** Source material **
· · ·

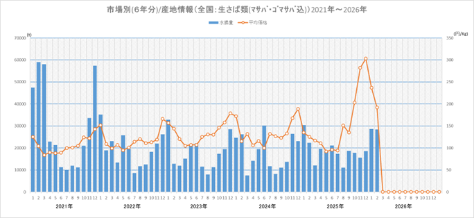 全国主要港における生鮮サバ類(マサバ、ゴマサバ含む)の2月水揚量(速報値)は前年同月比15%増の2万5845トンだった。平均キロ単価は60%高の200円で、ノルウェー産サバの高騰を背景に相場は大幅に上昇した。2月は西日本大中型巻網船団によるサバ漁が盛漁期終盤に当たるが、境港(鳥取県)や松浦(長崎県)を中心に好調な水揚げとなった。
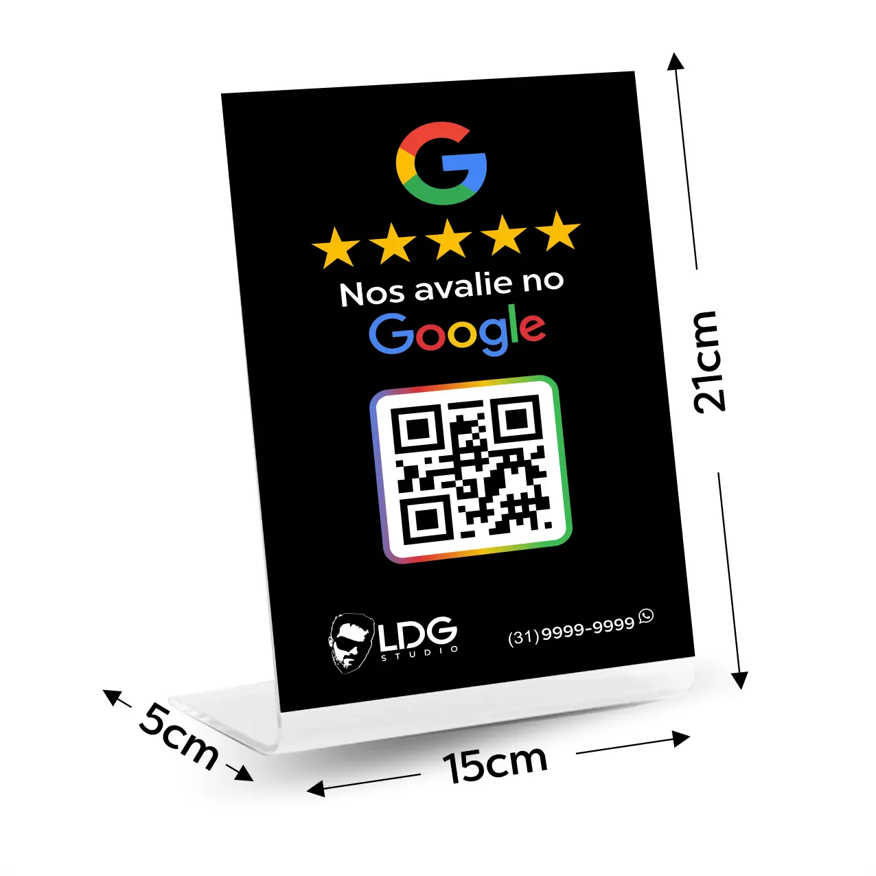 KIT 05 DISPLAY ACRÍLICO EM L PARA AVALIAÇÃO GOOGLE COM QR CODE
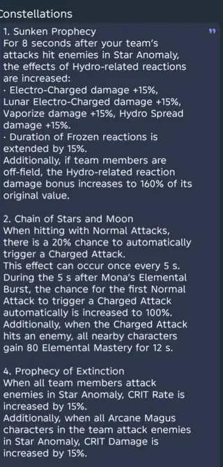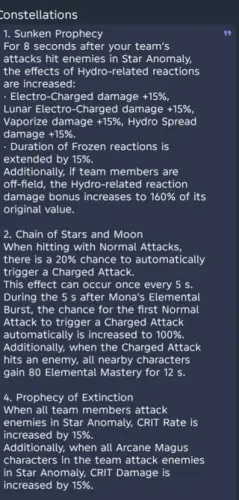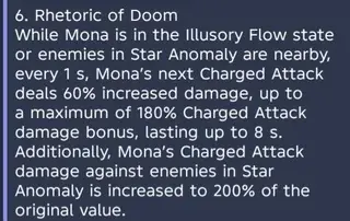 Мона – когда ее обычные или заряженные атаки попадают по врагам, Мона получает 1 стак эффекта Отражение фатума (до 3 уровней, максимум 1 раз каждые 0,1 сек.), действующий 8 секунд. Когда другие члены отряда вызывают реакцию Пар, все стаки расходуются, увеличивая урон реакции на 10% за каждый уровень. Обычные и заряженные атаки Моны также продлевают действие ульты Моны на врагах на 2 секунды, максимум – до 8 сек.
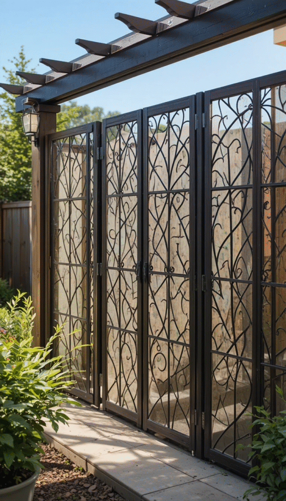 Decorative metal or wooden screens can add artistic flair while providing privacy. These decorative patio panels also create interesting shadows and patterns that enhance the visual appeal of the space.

· · ·

** Work item **
Please write out the material from the line containing "Мона – когда" to its final line, both inclusive, exactly as it appears; pictures are not part of the copy.

** Expected output **
 Мона – когда ее обычные или заряженные атаки попадают по врагам, Мона получает 1 стак эффекта Отражение фатума (до 3 уровней, максимум 1 раз каждые 0,1 сек.), действующий 8 секунд. Когда другие члены отряда вызывают реакцию Пар, все стаки расходуются, увеличивая урон реакции на 10% за каждый уровень. Обычные и заряженные атаки Моны также продлевают действие ульты Моны на врагах на 2 секунды, максимум – до 8 сек.
 Decorative metal or wooden screens can add artistic flair while providing privacy. These decorative patio panels also create interesting shadows and patterns that enhance the visual appeal of the space.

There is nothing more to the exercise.